INSTRUCTIONS TO FOLLOW: An exact repetition of the listing is required.

RECORDS FOR PROCESSING below:

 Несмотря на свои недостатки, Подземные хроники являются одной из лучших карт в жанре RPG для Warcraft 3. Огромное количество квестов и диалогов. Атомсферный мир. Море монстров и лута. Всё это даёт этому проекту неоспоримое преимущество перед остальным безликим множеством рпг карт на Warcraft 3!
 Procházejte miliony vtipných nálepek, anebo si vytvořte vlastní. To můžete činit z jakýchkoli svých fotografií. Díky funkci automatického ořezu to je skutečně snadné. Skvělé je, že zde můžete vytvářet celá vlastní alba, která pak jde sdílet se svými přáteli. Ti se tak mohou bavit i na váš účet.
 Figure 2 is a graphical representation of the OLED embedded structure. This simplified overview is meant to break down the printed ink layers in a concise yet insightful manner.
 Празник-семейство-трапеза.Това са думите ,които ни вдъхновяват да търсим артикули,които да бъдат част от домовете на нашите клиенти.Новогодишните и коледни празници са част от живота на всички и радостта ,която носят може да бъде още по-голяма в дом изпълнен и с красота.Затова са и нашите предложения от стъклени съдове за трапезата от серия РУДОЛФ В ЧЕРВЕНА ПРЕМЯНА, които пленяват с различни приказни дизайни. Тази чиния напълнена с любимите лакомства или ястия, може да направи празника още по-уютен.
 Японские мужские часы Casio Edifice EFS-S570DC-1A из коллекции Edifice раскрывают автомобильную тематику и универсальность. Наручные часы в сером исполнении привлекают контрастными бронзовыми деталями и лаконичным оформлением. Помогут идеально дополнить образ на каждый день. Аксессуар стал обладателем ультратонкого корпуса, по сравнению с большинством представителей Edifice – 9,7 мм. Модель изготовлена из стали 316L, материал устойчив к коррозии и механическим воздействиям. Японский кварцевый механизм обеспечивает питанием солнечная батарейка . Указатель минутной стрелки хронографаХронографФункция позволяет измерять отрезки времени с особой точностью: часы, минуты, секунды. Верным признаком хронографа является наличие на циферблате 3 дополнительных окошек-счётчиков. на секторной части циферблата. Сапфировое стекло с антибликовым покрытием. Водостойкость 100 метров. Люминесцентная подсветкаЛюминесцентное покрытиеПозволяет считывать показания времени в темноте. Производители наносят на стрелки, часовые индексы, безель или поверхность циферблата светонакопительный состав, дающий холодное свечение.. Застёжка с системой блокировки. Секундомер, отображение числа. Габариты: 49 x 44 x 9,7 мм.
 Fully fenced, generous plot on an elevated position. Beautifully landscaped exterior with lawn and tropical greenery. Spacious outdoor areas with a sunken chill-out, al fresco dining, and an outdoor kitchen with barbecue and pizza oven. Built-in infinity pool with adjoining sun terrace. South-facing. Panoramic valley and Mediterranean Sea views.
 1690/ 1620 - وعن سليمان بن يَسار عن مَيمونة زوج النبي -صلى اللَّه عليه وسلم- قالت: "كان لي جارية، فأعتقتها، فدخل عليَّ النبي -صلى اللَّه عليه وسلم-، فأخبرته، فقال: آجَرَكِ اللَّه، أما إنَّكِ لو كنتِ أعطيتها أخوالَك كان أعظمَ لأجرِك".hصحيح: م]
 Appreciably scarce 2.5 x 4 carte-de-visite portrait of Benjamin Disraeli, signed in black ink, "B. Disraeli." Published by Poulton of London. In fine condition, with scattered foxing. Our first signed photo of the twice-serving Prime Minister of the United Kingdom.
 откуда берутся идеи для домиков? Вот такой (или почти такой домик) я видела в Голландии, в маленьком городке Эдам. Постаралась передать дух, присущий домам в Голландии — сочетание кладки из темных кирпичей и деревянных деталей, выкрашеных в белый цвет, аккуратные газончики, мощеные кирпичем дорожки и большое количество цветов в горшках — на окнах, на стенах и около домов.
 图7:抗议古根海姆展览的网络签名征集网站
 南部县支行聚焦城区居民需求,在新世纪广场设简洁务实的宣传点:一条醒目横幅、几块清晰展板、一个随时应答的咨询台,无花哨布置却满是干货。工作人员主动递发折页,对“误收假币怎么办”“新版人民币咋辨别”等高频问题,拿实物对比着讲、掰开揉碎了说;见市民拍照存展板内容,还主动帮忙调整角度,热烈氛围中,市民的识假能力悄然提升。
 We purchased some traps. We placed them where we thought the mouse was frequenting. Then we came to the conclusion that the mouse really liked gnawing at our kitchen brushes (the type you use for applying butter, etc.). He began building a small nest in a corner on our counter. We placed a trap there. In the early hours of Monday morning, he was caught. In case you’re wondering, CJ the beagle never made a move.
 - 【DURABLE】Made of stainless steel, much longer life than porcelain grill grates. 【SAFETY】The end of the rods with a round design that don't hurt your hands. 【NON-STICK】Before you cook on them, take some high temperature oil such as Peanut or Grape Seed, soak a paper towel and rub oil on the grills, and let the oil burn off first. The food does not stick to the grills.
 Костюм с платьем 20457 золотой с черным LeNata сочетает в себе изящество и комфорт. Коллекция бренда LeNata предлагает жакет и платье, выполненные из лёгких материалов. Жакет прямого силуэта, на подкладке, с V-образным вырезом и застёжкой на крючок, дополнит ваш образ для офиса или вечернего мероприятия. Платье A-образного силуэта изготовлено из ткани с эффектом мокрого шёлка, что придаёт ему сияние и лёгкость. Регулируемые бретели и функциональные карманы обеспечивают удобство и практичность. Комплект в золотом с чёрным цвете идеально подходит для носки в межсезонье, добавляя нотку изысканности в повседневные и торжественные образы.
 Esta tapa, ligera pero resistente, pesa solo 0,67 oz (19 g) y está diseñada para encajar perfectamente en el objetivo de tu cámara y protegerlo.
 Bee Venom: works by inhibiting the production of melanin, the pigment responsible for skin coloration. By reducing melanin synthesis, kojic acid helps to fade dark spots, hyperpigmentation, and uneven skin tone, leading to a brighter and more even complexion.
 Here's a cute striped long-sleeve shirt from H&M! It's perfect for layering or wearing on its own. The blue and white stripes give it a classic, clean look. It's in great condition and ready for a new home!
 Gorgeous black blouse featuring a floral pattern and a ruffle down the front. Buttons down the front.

End of RECORDS FOR PROCESSING.

OUTPUT OF THE EXERCISE:
 Несмотря на свои недостатки, Подземные хроники являются одной из лучших карт в жанре RPG для Warcraft 3. Огромное количество квестов и диалогов. Атомсферный мир. Море монстров и лута. Всё это даёт этому проекту неоспоримое преимущество перед остальным безликим множеством рпг карт на Warcraft 3!
 Procházejte miliony vtipných nálepek, anebo si vytvořte vlastní. To můžete činit z jakýchkoli svých fotografií. Díky funkci automatického ořezu to je skutečně snadné. Skvělé je, že zde můžete vytvářet celá vlastní alba, která pak jde sdílet se svými přáteli. Ti se tak mohou bavit i na váš účet.
 Figure 2 is a graphical representation of the OLED embedded structure. This simplified overview is meant to break down the printed ink layers in a concise yet insightful manner.
 Празник-семейство-трапеза.Това са думите ,които ни вдъхновяват да търсим артикули,които да бъдат част от домовете на нашите клиенти.Новогодишните и коледни празници са част от живота на всички и радостта ,която носят може да бъде още по-голяма в дом изпълнен и с красота.Затова са и нашите предложения от стъклени съдове за трапезата от серия РУДОЛФ В ЧЕРВЕНА ПРЕМЯНА, които пленяват с различни приказни дизайни. Тази чиния напълнена с любимите лакомства или ястия, може да направи празника още по-уютен.
 Японские мужские часы Casio Edifice EFS-S570DC-1A из коллекции Edifice раскрывают автомобильную тематику и универсальность. Наручные часы в сером исполнении привлекают контрастными бронзовыми деталями и лаконичным оформлением. Помогут идеально дополнить образ на каждый день. Аксессуар стал обладателем ультратонкого корпуса, по сравнению с большинством представителей Edifice – 9,7 мм. Модель изготовлена из стали 316L, материал устойчив к коррозии и механическим воздействиям. Японский кварцевый механизм обеспечивает питанием солнечная батарейка . Указатель минутной стрелки хронографаХронографФункция позволяет измерять отрезки времени с особой точностью: часы, минуты, секунды. Верным признаком хронографа является наличие на циферблате 3 дополнительных окошек-счётчиков. на секторной части циферблата. Сапфировое стекло с антибликовым покрытием. Водостойкость 100 метров. Люминесцентная подсветкаЛюминесцентное покрытиеПозволяет считывать показания времени в темноте. Производители наносят на стрелки, часовые индексы, безель или поверхность циферблата светонакопительный состав, дающий холодное свечение.. Застёжка с системой блокировки. Секундомер, отображение числа. Габариты: 49 x 44 x 9,7 мм.
 Fully fenced, generous plot on an elevated position. Beautifully landscaped exterior with lawn and tropical greenery. Spacious outdoor areas with a sunken chill-out, al fresco dining, and an outdoor kitchen with barbecue and pizza oven. Built-in infinity pool with adjoining sun terrace. South-facing. Panoramic valley and Mediterranean Sea views.
 1690/ 1620 - وعن سليمان بن يَسار عن مَيمونة زوج النبي -صلى اللَّه عليه وسلم- قالت: "كان لي جارية، فأعتقتها، فدخل عليَّ النبي -صلى اللَّه عليه وسلم-، فأخبرته، فقال: آجَرَكِ اللَّه، أما إنَّكِ لو كنتِ أعطيتها أخوالَك كان أعظمَ لأجرِك".hصحيح: م]
 Appreciably scarce 2.5 x 4 carte-de-visite portrait of Benjamin Disraeli, signed in black ink, "B. Disraeli." Published by Poulton of London. In fine condition, with scattered foxing. Our first signed photo of the twice-serving Prime Minister of the United Kingdom.
 откуда берутся идеи для домиков? Вот такой (или почти такой домик) я видела в Голландии, в маленьком городке Эдам. Постаралась передать дух, присущий домам в Голландии — сочетание кладки из темных кирпичей и деревянных деталей, выкрашеных в белый цвет, аккуратные газончики, мощеные кирпичем дорожки и большое количество цветов в горшках — на окнах, на стенах и около домов.
 图7:抗议古根海姆展览的网络签名征集网站
 南部县支行聚焦城区居民需求,在新世纪广场设简洁务实的宣传点:一条醒目横幅、几块清晰展板、一个随时应答的咨询台,无花哨布置却满是干货。工作人员主动递发折页,对“误收假币怎么办”“新版人民币咋辨别”等高频问题,拿实物对比着讲、掰开揉碎了说;见市民拍照存展板内容,还主动帮忙调整角度,热烈氛围中,市民的识假能力悄然提升。
 We purchased some traps. We placed them where we thought the mouse was frequenting. Then we came to the conclusion that the mouse really liked gnawing at our kitchen brushes (the type you use for applying butter, etc.). He began building a small nest in a corner on our counter. We placed a trap there. In the early hours of Monday morning, he was caught. In case you’re wondering, CJ the beagle never made a move.
 - 【DURABLE】Made of stainless steel, much longer life than porcelain grill grates. 【SAFETY】The end of the rods with a round design that don't hurt your hands. 【NON-STICK】Before you cook on them, take some high temperature oil such as Peanut or Grape Seed, soak a paper towel and rub oil on the grills, and let the oil burn off first. The food does not stick to the grills.
 Костюм с платьем 20457 золотой с черным LeNata сочетает в себе изящество и комфорт. Коллекция бренда LeNata предлагает жакет и платье, выполненные из лёгких материалов. Жакет прямого силуэта, на подкладке, с V-образным вырезом и застёжкой на крючок, дополнит ваш образ для офиса или вечернего мероприятия. Платье A-образного силуэта изготовлено из ткани с эффектом мокрого шёлка, что придаёт ему сияние и лёгкость. Регулируемые бретели и функциональные карманы обеспечивают удобство и практичность. Комплект в золотом с чёрным цвете идеально подходит для носки в межсезонье, добавляя нотку изысканности в повседневные и торжественные образы.
 Esta tapa, ligera pero resistente, pesa solo 0,67 oz (19 g) y está diseñada para encajar perfectamente en el objetivo de tu cámara y protegerlo.
 Bee Venom: works by inhibiting the production of melanin, the pigment responsible for skin coloration. By reducing melanin synthesis, kojic acid helps to fade dark spots, hyperpigmentation, and uneven skin tone, leading to a brighter and more even complexion.
 Here's a cute striped long-sleeve shirt from H&M! It's perfect for layering or wearing on its own. The blue and white stripes give it a classic, clean look. It's in great condition and ready for a new home!
 Gorgeous black blouse featuring a floral pattern and a ruffle down the front. Buttons down the front.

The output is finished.